La collection de Sir Robt Chambers nʼest point à vendre, du moins pour le moment - Je crois du reste quʼil ne seroit pas impossible de trouver des manuscrits à acheter, mais cʼest une besogne dont Vous seul pouvez Vous acquitter. Wilson et Colebrooke sont absens, Wilkins se fait vieux; peut-être [2] aussi seroit-il jaloux de ce que le Rhin veut avoir ses Bramines comme le Gange - Quant à des Pagodes et autres menues reliques de Vishnou, rien de si facile, mais encore faut-il choisir et personne ne peut Vous suppléer. Il faudra donc que Vous veniez ici lʼannée prochaine -
Les lois de manou ne sont point à avoir en Angleterre, il nʼen existe que deux ou trois exemplaires au collège de Hertford et à la Compe des Indes, et Wilkins croit quʼà Calcutta même lʼédition est épuisée.
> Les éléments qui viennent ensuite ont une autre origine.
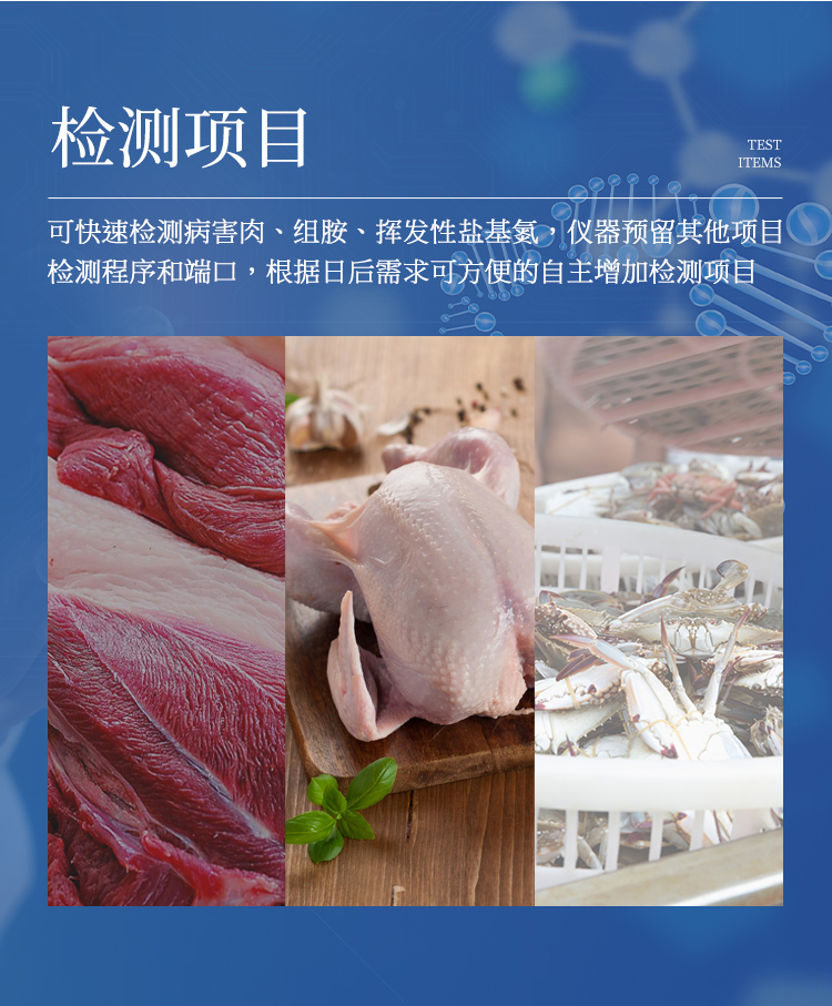 可快速檢測病害肉、組胺、揮發性鹽基氮,儀器預留其他項目檢測程序和端口,根據日后需求可方便的自主增加檢測項目。

Mais voici qui vaut mieux et jʼespère que Vous allez me porter aux nues. Je me suis fait donner en pur présent pour Vous une collection de peintures indiennes qui représentent toutes les castes et leurs diverses subdivisions - Vous en avez lʼobligation à Sir Alexander Johnston qui a rempli à Ceylan les mêmes fonctions judiciaires que Mackintosh aux Indes. Ce nʼest pas un homme très-profonde mais il a des connaissances variées, il a lu vos ouvrages en Allemand, il parle fort bien françois [3] et Vous lui devez dʼautant plus une lettre de remercîmens quʼil pourra Vous être fort utile par ses relations avec les Indes. Il est obligeant et communicatif; je Vous exhorte donc à lui écrire tout de suite à Londres 19 Great Cumberland Place - Je vais joindre Votre livre de peintures à un envoi de livres que jʼexpédie à Paris dʼoù il sera bien aisé de Vs le faire parvenir.
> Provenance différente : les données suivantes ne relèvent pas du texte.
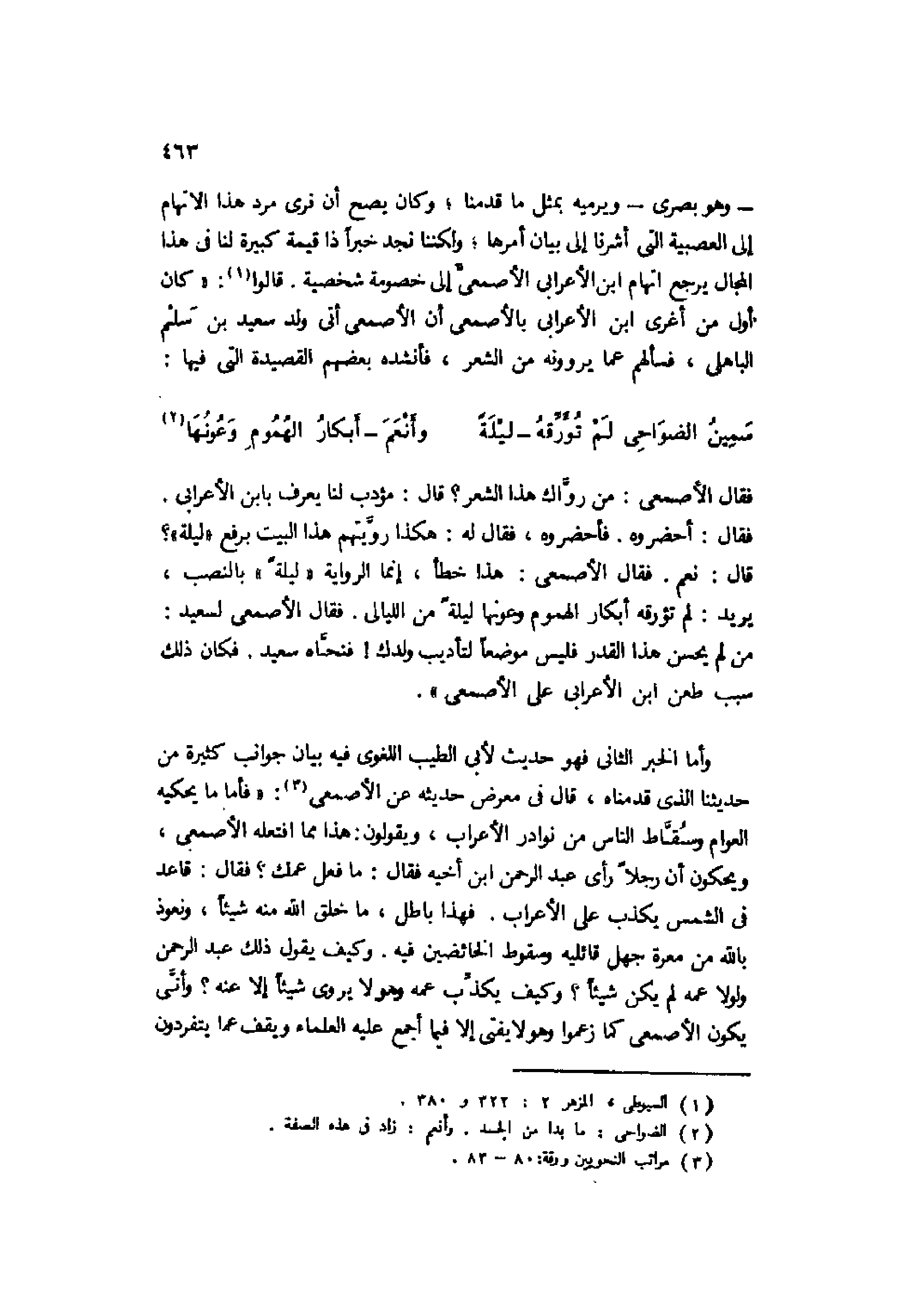 -وهو بصري- ويرميه بمثل ما قدمنا؛ وكان يصح أن نرى مرد هذا الاتهام إلى العصبية التي أشرنا إلى بيان أمرها. ولكننا نجد خبرًا ذا قيمة كبيرة لنا في هذا المجال يرجع اتهام ابن الأعرابي الأصمعي إلى خصومة شخصية. قالوا1: "كان أول من أغرى ابن الأعرابي بالأصمعي أن الأصمعي أتى ولد سعيد بن سلم الباهلي، فسألهم عما يروونه من الشعر، فأنشده بعضهم القصيدة التي فيها:

Pour en finir du Sanscrit, je suis à peu-près certain que Messrs Baldwin ont reçu pour Vous un livre des Inde[s] [mais] je ne sois lequel: donnez-moi des instructions.
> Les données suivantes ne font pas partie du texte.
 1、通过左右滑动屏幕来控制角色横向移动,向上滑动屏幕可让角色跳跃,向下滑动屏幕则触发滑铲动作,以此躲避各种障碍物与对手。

Voici mes projets: je passe 15 jours ici par ce quʼon mʼ[assure] que ces eaux purgatives me gueriront de mon hypocondrie; je retourne toucher barres à Londres, et jʼen repars avec Brougham pour York où je le laisserai et mʼacheminerai vers lʼEcosse. Je serai de retour en France, sʼil plait à Dieu, vers le milieu de Septembre: et sʼil me reste du temps et de lʼargent il nʼest pas impossible que jʼaille faire une visite à Albertine avant son départ pour lʼItalie - Adieu, cher ami, ma lettre est trop longue pour Vous parler de lʼAngleterre; dʼailleurs jʼai vécu de chicane et de débats parlementaires, gibier [4] que Vous nʼarrivez pas. Il est possible que Mad. d. Ste Aulaire passe à Bonn cet été: donnez moi des nouvelles exactes de sa santé, je Vous en prie - Adieu, cher ami, écrivez-moi, jʼen serai très-reconnoissant car en masse jʼéprouve plus dʼadmiration que de sympathie, et je suis fort triste. Vale et me ama - Jʼoubliois de Vs dire que jʼai aussi pour Vous un beau fac-simile dʼune inscription trouvé dans les ruines de Babylone, et que personne ne peut deviner.